So, my mom met a guy. It's been almost five years since my dad, her husband of 39 years, died of cancer. He was the only man she'd ever been with, having married him when she was just 19 years old. Life without him would take some getting used to.
She once confided in me that the idea of even holding hands with someone who was not my dad made her feel weird, sad and uncomfortable. I forced a smile, not wanting to show her how much this information twisted my heart into a knot, and told her that it was understandable that she'd be skeeved out by the idea, but that if she ever did want to hold hands with another man, it was OK with me.
Don't feel too sorry for Amelia Zaragoza. At a recent baby shower, she told a table full of my aunts that while the idea of moving on gives her pause, I've never had that problem. Es que tu heredaste lo puta de tu papa. "It's because you inherited your sluttiness from your dad." She cackled like a witch, and all I could do was nod.
But now she's met someone who seems to have changed her life and has opened up a whole new world to her. His name is Richi, and he's a gay, Santeria-practicing witch doctor who speaks to otherworldly beings and is said to have been sainted in Cuba. I'm not sure how to fact-check that.
Ever since she met Richi, it's "Richi said this" and "Richi did that" and "Then Richi and I saw a drag performer get her wig kicked off, and there was a pair of underwear holding her hair."
Apparently, he took her bar hopping among Downtown Tijuana's best gay bars. Then they grabbed tacos and walked home at 3 a.m. This is unheard-of. Amelia's always avoided leaving the house after 4 p.m., and here she is now, 63 years old, swigging beer at gay bars and stumbling home with taco breath like—well, like her youngest daughter. I had to meet this special fellow of hers.
My mom's newfound role as queen of the gays came as a surprise. She's always been naïvely uninformed and intimidated by the gay community and has that not-so-rare gift of making a seemingly progressive statement totally offensive. "I donít care if gay people want to get married. But don't maricons just fuck anyone whenever they want anyway? What's the point?" This has led to many exasperated conversations.

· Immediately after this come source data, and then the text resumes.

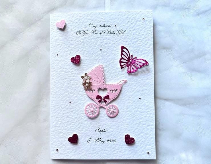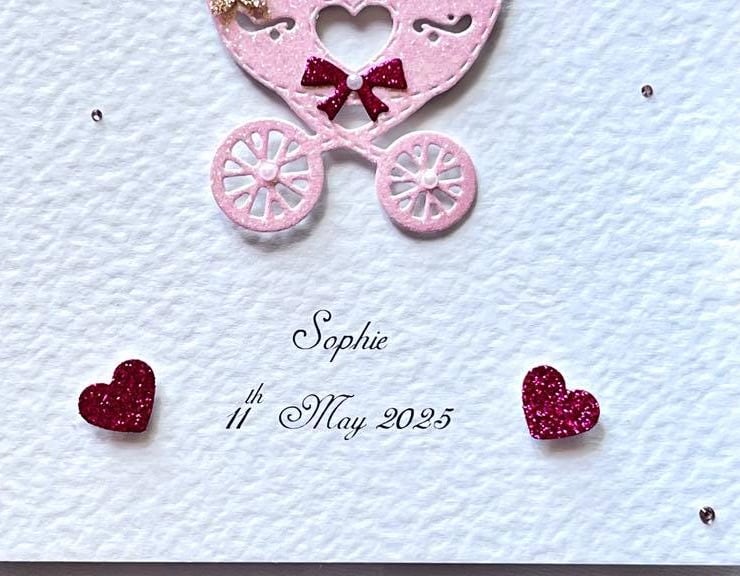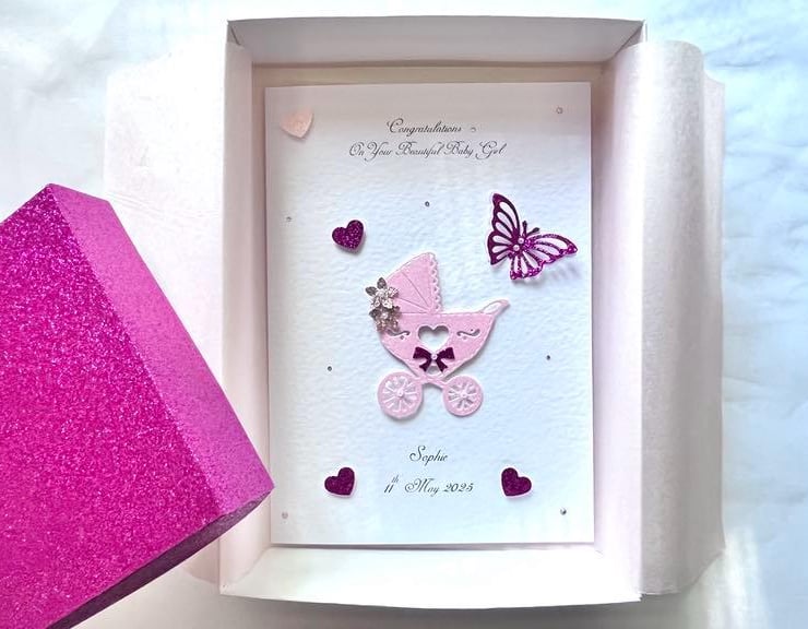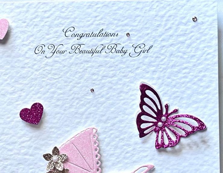 This lovely new born card is one of our unique designs. Viewing on your computer monitor may appear different than the actual colour of the products.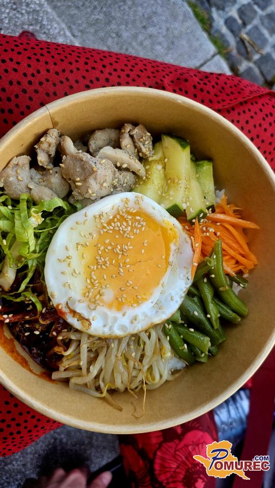 Z vintage torbami na ramenih smo zavili proti Pogačarjevemu trgu, kjer se je ravno odvijal Asia Fest. Stojnice so ponujale ulično kulinariko z vseh koncev Azije – japonski ramen, tajski pad thai, vietnamski bánh mì, korejski kimchi … Vse to ob glasbi, ki je mešala tradicionalne melodije z modernejšim utripom. Ljudje so se smejali, čakali v vrstah, sedeli po robnikih in stopnicah ter jedli z rokami, palčkami ali kar z nasmeškom.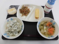 また、今日は、9月17日(火)の「十五夜」にちなんで、月のうさぎをイメージしたかまぼこが浮かんだ「月見のすまし汁」と素揚げしたさといもを甘辛い味で仕上げた「揚げさといもの甘がらめ」の組み合わせでした。十五夜は、美しい月をながめながらいもを供える習慣があり、いも名月と呼ばれることもあります。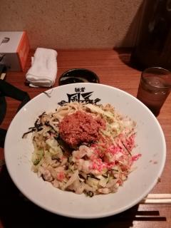 麺者風天亀田店で限定のあさりと明太子の潮バターまぜそば(追い飯付)800円+無料トッピング辛肉。まぜそばはとにかくよく混ぜること。バターが全て溶けた頃が食べごろ。具材は相性がいいものばかりなので文句なし。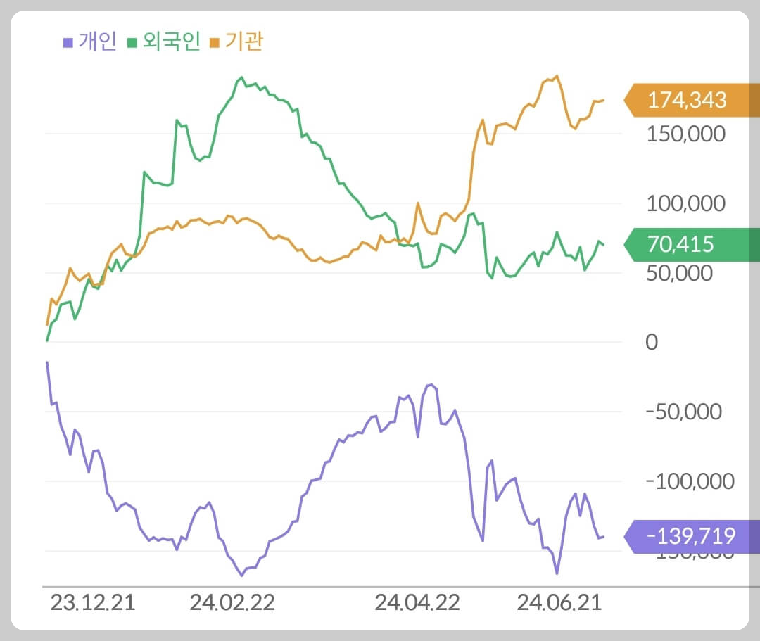 2024년부터 글로벌 해운사들의 영업이익이 증가하자 외국인과 기관의 양매수 포지션이 유지되곤 있지만 현재로서는 큰 수급의 변동없이 매크로 상황을 유심히 지켜보는 듯 합니다. 따라서 HMM의 수급 부문 종합등급은 B등급으로 평가하겠습니다.
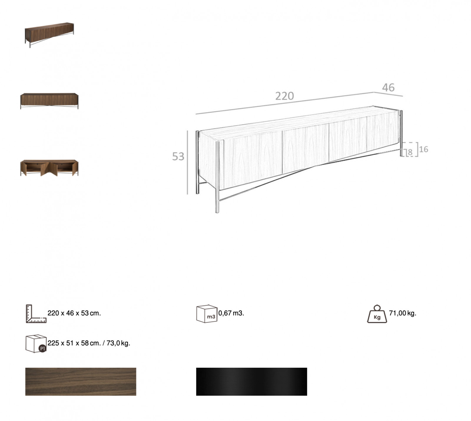 A TERUEL TV-szekrény a kortárs design csodás darabja. A gyönyörű diófával furnérozott korpusz minimalista vonalai eleganciát kölcsönöznek a bútordarabnak. A letisztult rozsdamentes acél lábak teszik igazán stílusossá megjelenését. A spanyol designerek tervezte bútoron azonnal szembetűnik a minőségi megmunkálás és anyaghasználat.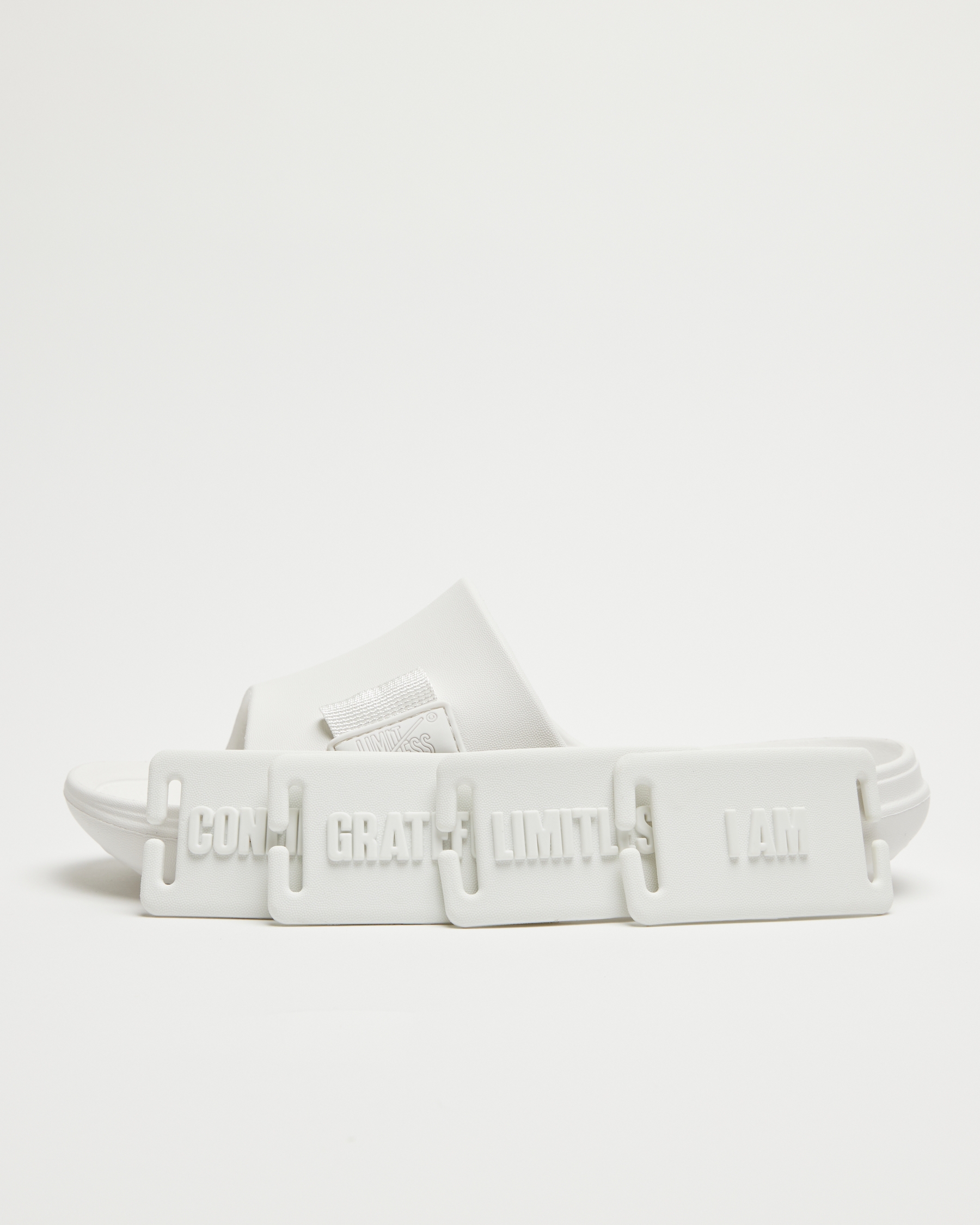 Limitless Slides support body & spirit with each step. Expertly designed & made of responsive DoughFoam, the slides pair comfort & performance with positive affirmations. Patented, interchangeable TIBAHs create custom phrases to manifest confidence. Pair “I AM” + “LIMITLESS” to tout infinite potential. A lifelong athlete, founder Coach Lisa is professionally & personally devoted to helping others be their best. Her @challengeusoftball & CUDIT athlete & coaching programs boost physical & mental wellbeing on & off the field. Limitless Slides bring Coach Lisa’s passion & positivity to us all.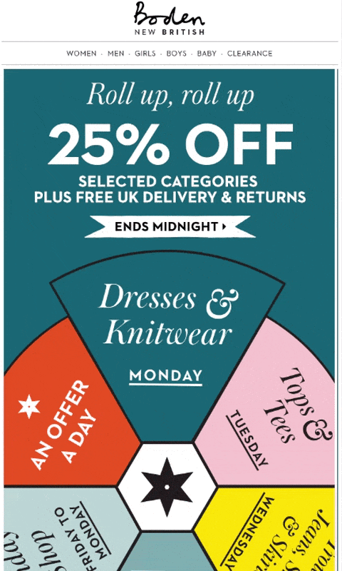 Boden’s email campaign uses a vibrant, animated wheel to highlight their daily deals, creating a sense of excitement and anticipation.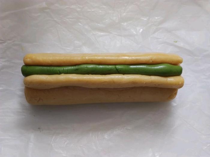7、拿出剩下的抹茶面团,将它擀成薄饼,大小要能正好包住曲奇的中间部分,多余的也可以剪掉,包好后用保鲜膜将其全部包裹住,用手轻轻的按压,按成长方体就可以了按压好后冷冻1个小时左右。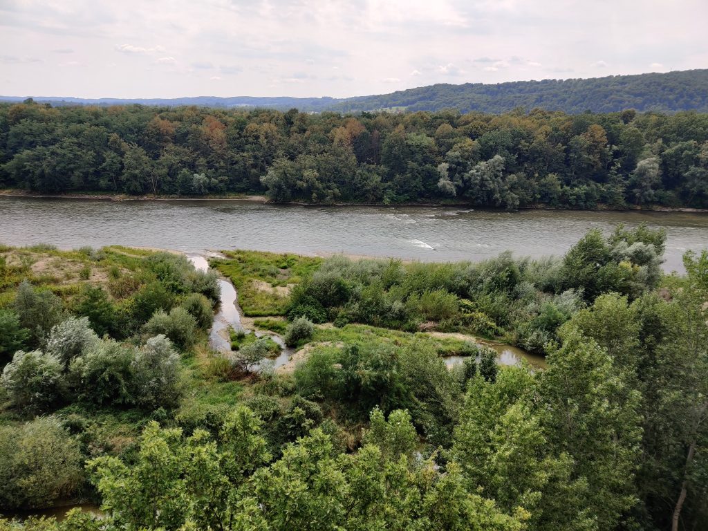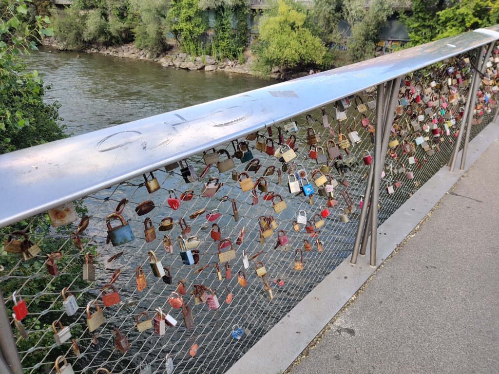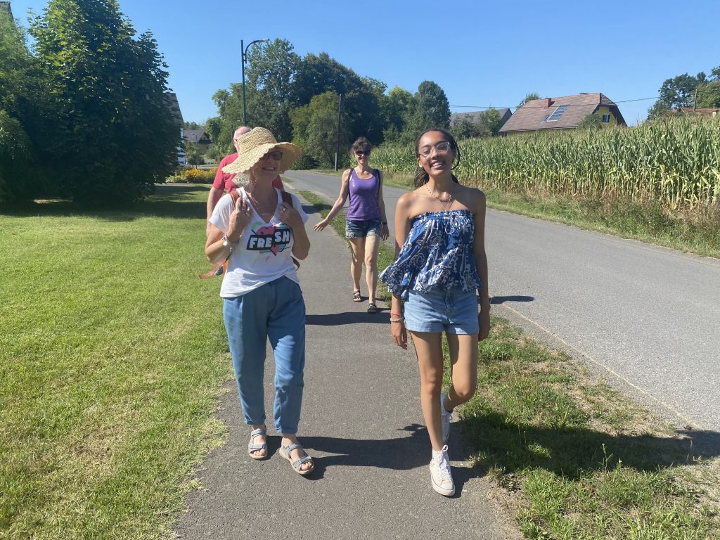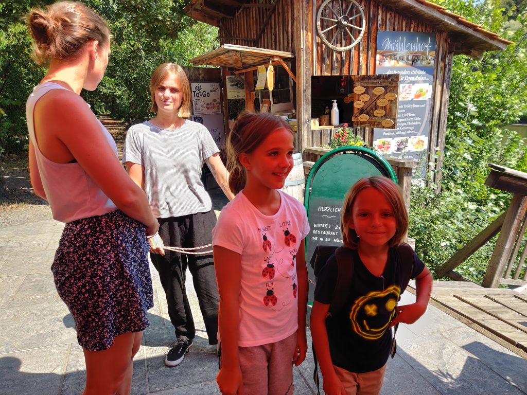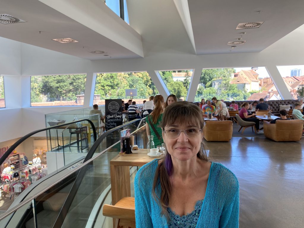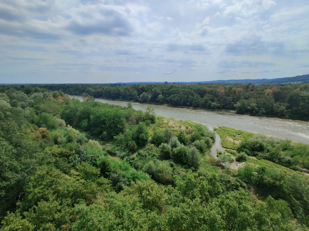 Lothar and I went to the Mur river and tower. The Mur river runs through a lot of places around where we’re staying. The tower has a cool design, and we enjoyed a nice walk, climb, and views!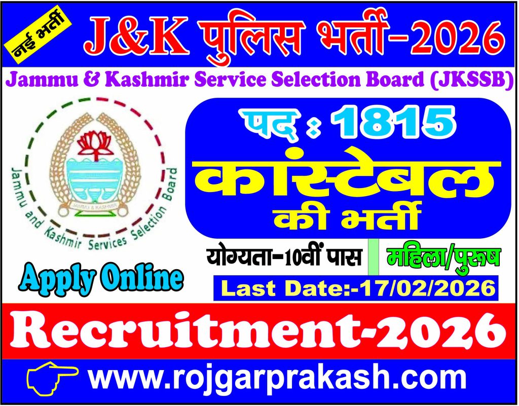 JKSSB Police (Constable) Online Form-2026 Post-1815 : Apply Online
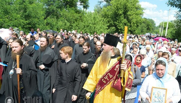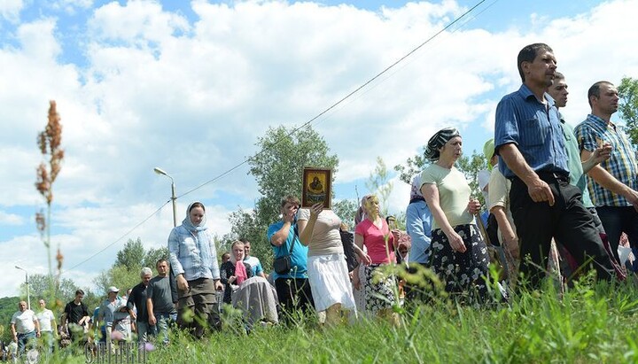 About 2 thousand believers on hearing the sermon and receiving blessing of the father superior of Sviatogorsk Lavra Met. Arseny, made for Bogorodichnoye village (the first pit stop of the procession). After the moleben prayer the Cross Procession will be resumed.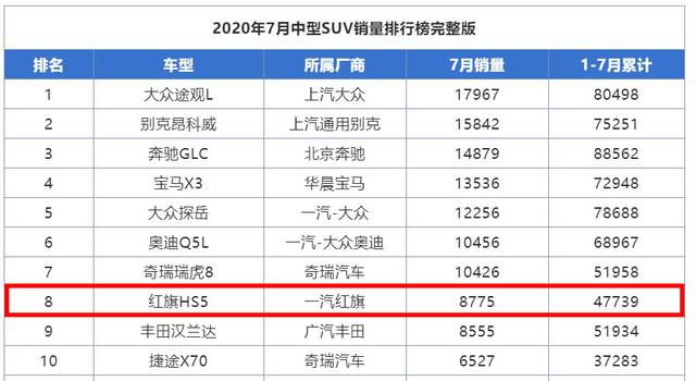 作为国产中型SUV里崛起最快以及最被认可的豪华中型SUV,红旗HS5 (配置|询价)如今可谓是得到了众多消费者的认可。在7月,红旗HS5再次以8775辆的销量成绩排在了中型SUV销量榜的第八位,今年1-7月,其也总共卖出了47739辆的销量数据。可以说,红旗HS5的出现间接使得国产中型SUV登上了一个新高度,这其中既是国人支持国车的自觉举动,也是国产车在技术实力与颜值上所取得的巨大进步。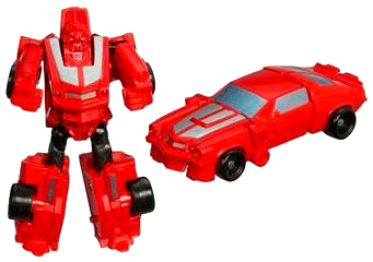 A red Camaro with silver stripes on the hood - but not on the rear as on Legends Bumblebee, the original toy of this mould. The windows are metallic blue - including the rear window this time. The colour scheme is a simplified version of that seen on the deluxe version. Cliffjumper has silver headlights and grille and black plastic tyres, rounding out a straightforward yet plausible colour scheme. The colour scheme is good enough that it's easy to not consider that while the Deluxe is a modern Camaro, this one is actually a 70s Camaro.

After hearing her gay-club-hopping saga, I decided to tag along on their next jaunt. I walked into my mom's kitchen and met her new bestie. Richi stood there, towering over us with a robust belly, shiny cue-ball head and skin the color of rich Mexican hot chocolate. He ate reheated carne asada, and we chatted about where we'd be partying that night, a boyfriend who's been annoying the shit out of him and how he wants to lose weight. Then he pulled out his tarot cards and lit a cigarette, and we drank wine as he read my fortune. He also asked if he could bathe me in a river soon. Go to town, Richi. This guy is amazing.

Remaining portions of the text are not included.